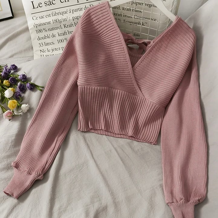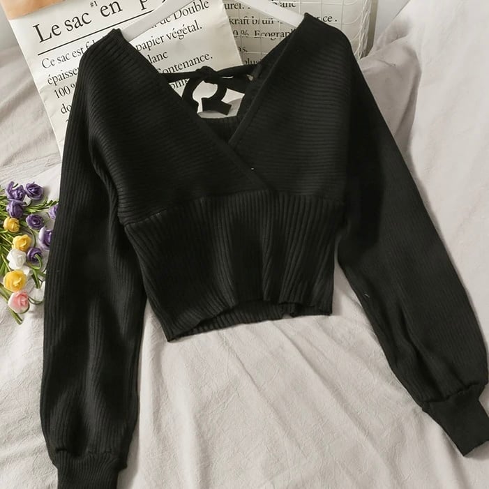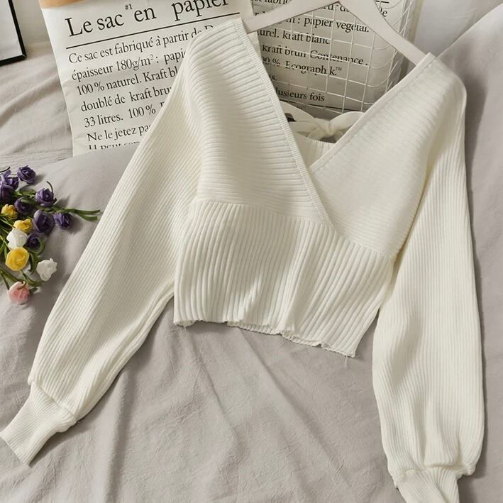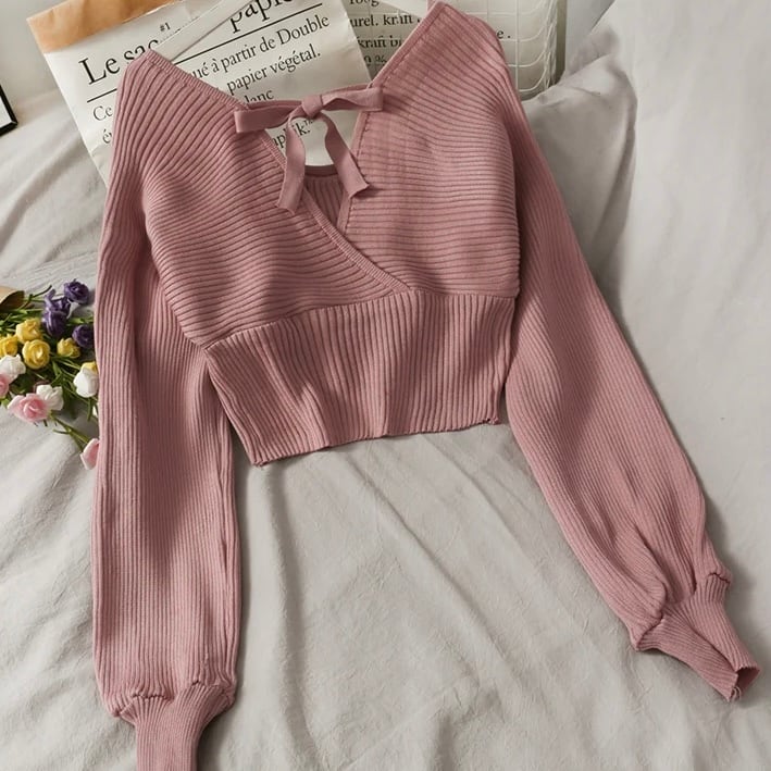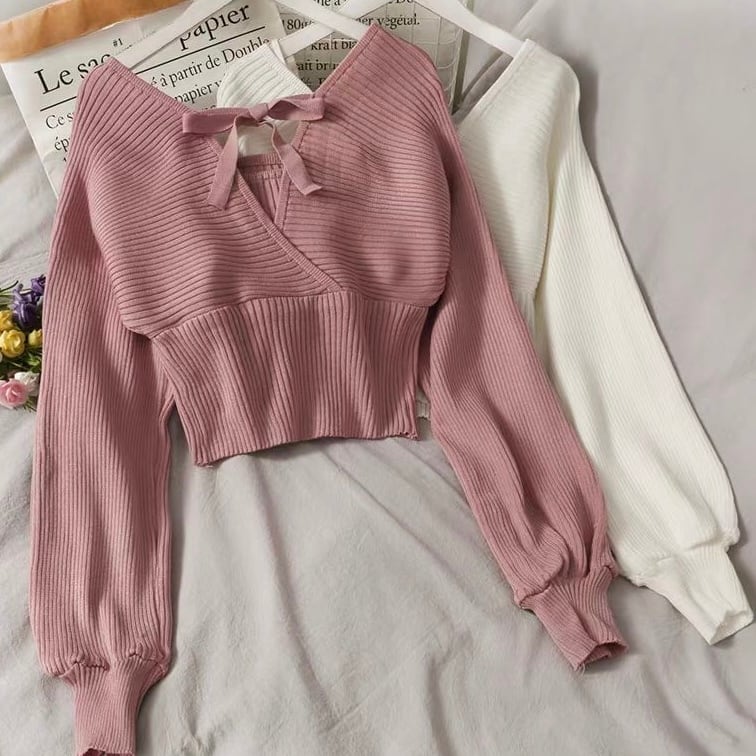 【tops】Vネック長袖リボンニットセーター 3色 MA0227
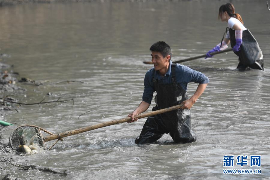 杭州:游客體驗(yàn)“干塘”捕魚
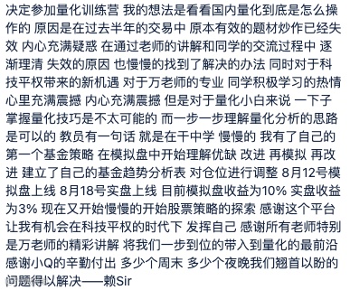 热情、进取、朝气蓬勃、互帮互助、孜孜不倦、突破自己、新的认识是贯穿这次训练营的主旋律,老面孔与新面孔的交织,大家打成一片,在量化里不断地探索与求新!
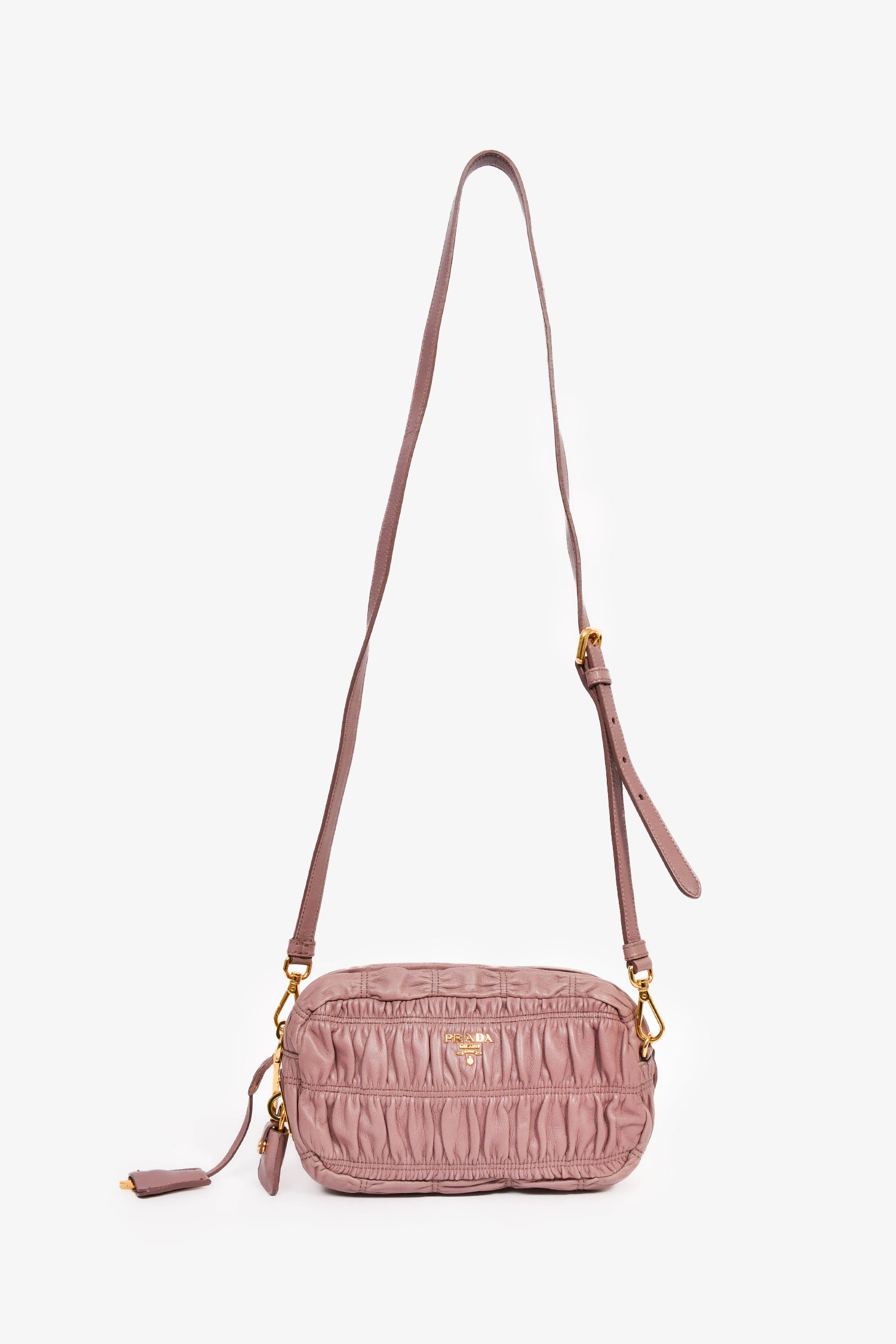 Refresh availabilityPrada Mauve Nappa Gaufre Leather Crossbody Bag. Top zip closure. Tonal logo'd textile interior lining. Two interior wall pockets; one slip and one with zip closure. Detachable and adjustable strap. Two detachable clochettes; with two keys and one lock. Gold-tone hardware.

----

Every line of the material must be returned exactly; leave the images out.

 【tops】Vネック長袖リボンニットセーター 3色 MA0227
 杭州:游客體驗(yàn)“干塘”捕魚
 热情、进取、朝气蓬勃、互帮互助、孜孜不倦、突破自己、新的认识是贯穿这次训练营的主旋律,老面孔与新面孔的交织,大家打成一片,在量化里不断地探索与求新!
 Refresh availabilityPrada Mauve Nappa Gaufre Leather Crossbody Bag. Top zip closure. Tonal logo'd textile interior lining. Two interior wall pockets; one slip and one with zip closure. Detachable and adjustable strap. Two detachable clochettes; with two keys and one lock. Gold-tone hardware.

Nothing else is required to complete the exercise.